Since string variables are pointers, you can load the value of a string variable into a 32-bit register. The pointer itself points at the first character position of the string. You can find the current string length in the double word four bytes prior to this address, you can find the maximum string length in the double word eight bytes prior to this address. The following program demonstrates one way to access this data².
 
// Program to demonstrate accessing Length and Maxlength fields of a string.
 

 
program StrDemo;
 
#include( "stdlib.hhf" );
 

 
static
 
    theString:string := "String of length 19";
 
        
 
begin StrDemo;
 

 
    mov( theString, ebx );  // Get pointer to the string.
 
    
 
    mov( [ebx-4], eax );    // Get current length
 
    mov( [ebx-8], ecx );    // Get maximum length
 
    
 
    stdout.put
 
    ( 
 
        "theString = `", theString, "`", nl,
 
        "length( theString )= ", (type uns32 eax ), nl,
 
        "maxLength( theString )= ", (type uns32 ecx ), nl
 
    );
 
    
 
end StrDemo;
 

 
Program 2.1	 Accessing the Length and Maximum Length Fields of a String
 
When accessing the various fields of a string variable it is not wise to access them using fixed numeric offsets as done in this example. In the future, the definition of an HLA string may change slightly. In particular, the offsets to the maximum length and length fields are subject to change. A safer way to access string data is to coerce your string pointer using the str.strRec data type. The str.strRec data type is a record data type (see "Records, Unions, and Name Spaces" on page 483) that defines symbolic names for the offsets of the length and maximum length fields in the string data type. Were the offsets to the length and maximum length fields to change in a future version of HLA, then the definitions in str.strRec would also change, so if you use str.strRec then recompiling your program would automatically make any necessary changes to your program.

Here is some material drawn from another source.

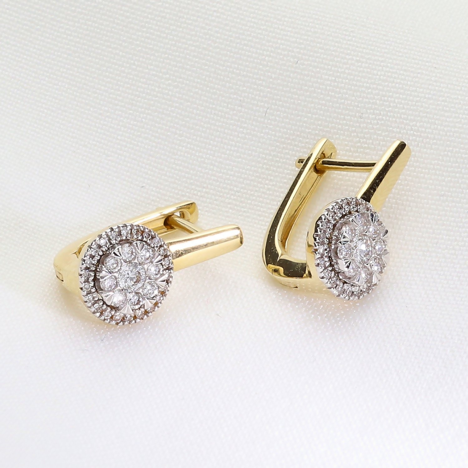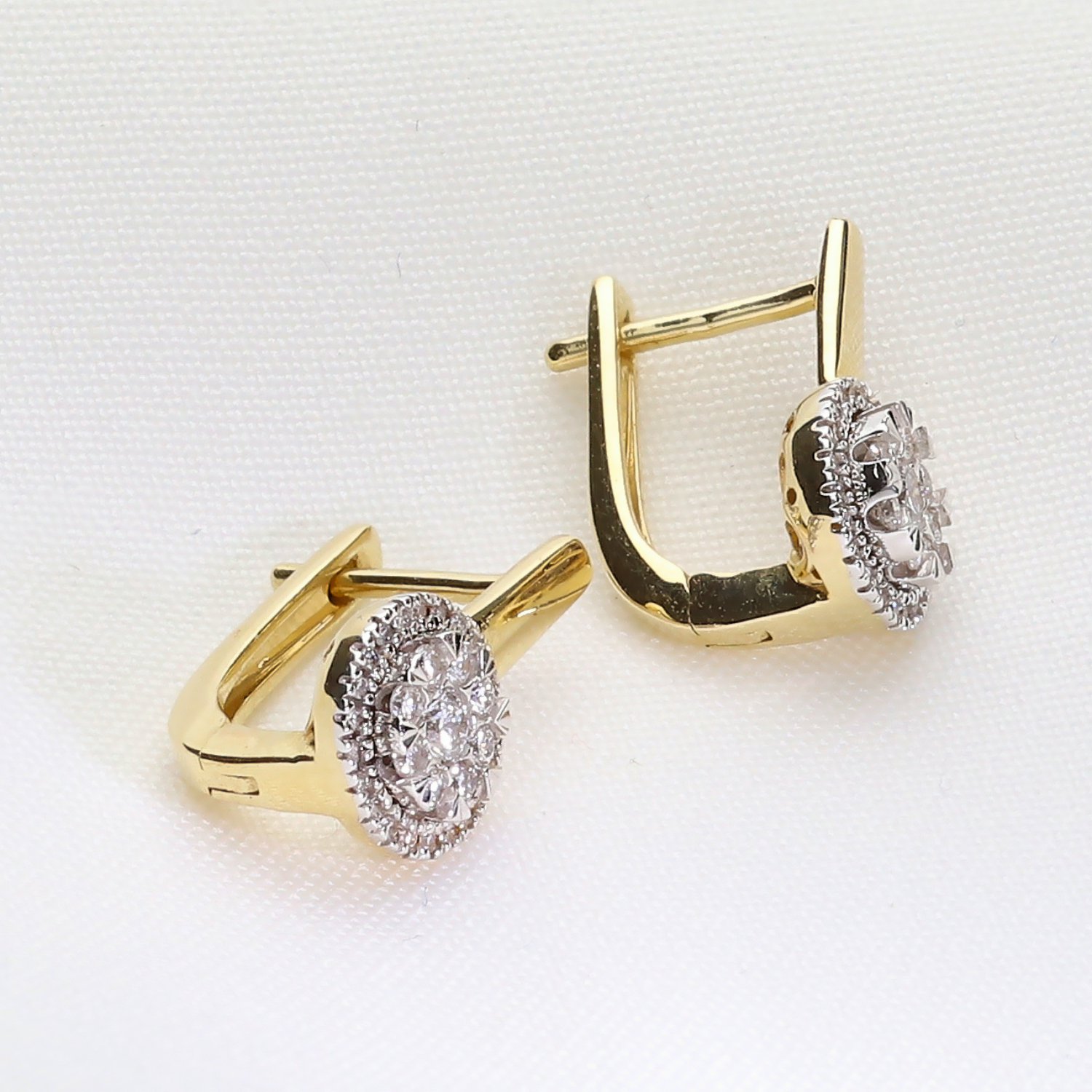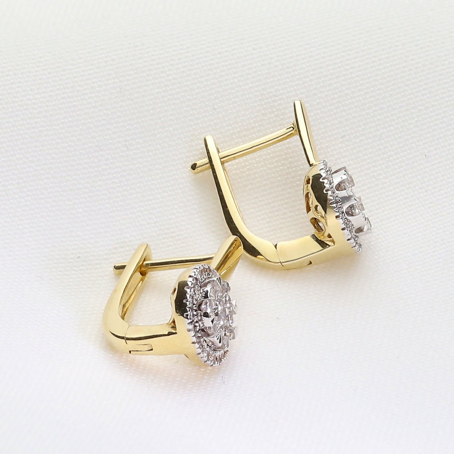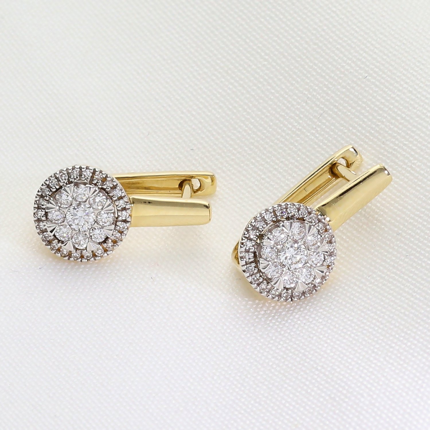 Kategoria: Kolczyki Kruszec: Złoto żółte Kamień: Brylanty, 62 szt. o łącznej masie 0,25 ct. Czystość: SI Barwa: GH Próba: 585 Dla: Niej Masa: 2,44 g.

To use the str.strRec data type properly, you must first load the string pointer into a 32-bit register, e.g., "MOV( SomeString, EBX );" Once the pointer to the string data is in a register, you can coerce that register to the str.strRec data type using the HLA construct "(type str.strRec [EBX])". Finally, to access the length or maximum length fields, you would use either "(type str.strRec [EBX]).length" or "(type str.strRec [EBX]).MaxStrLen" (respectively). Although there is a little more typing involved (versus using simple offsets like "-4" or "-8"), these forms are far more descriptive and much safer than straight numeric offsets. The following program corrects the previous example by using the str.strRec data type.
 
// Program to demonstrate accessing Length and Maxlength fields of a string.
 

 
program LenMaxlenDemo;
 
#include( "stdlib.hhf" );
 

 
static
 
    theString:string := "String of length 19";
 
        
 
begin LenMaxlenDemo;
 

 
    mov( theString, ebx );  // Get pointer to the string.
 
    
 
    mov( (type str.strRec [ebx]).length, eax );     // Get current length
 
    mov( (type str.strRec [ebx]).MaxStrLen, ecx );  // Get maximum length
 
    
 
    stdout.put
 
    ( 
 
        "theString = `", theString, "`", nl,
 
        "length( theString )= ", (type uns32 eax ), nl,
 
        "maxLength( theString )= ", (type uns32 ecx ), nl
 
    );
 
    
 
end LenMaxlenDemo;
 

 
Program 2.2	 Correct Way to Access Length and MaxStrLen Fields of a String
 
A second way to manipulate strings in HLA is to allocate storage on the heap to hold string data. Because strings can't directly use pointers returned by malloc (since strings need to access eight bytes prior to the pointer address), you shouldn't use malloc to allocate storage for string data. Fortunately, the HLA Standard Library memory module provides a memory allocation routine specifically designed to allocate storage for strings: stralloc. Like malloc, stralloc expects a single dword parameter. This value specifies the (maximum) number of characters needed in the string. The stralloc routine will allocate the specified number of bytes of memory, plus between nine and thirteen additional bytes to hold the extra string information³.

The stralloc routine will allocate storage for a string, initialize the maximum length to the value passed as the stralloc parameter, initialize the current length to zero, and store a zero (terminating byte) in the first character position of the string. After all this, stralloc returns the address of the zero terminating byte (that is, the address of the first character element) in the EAX register.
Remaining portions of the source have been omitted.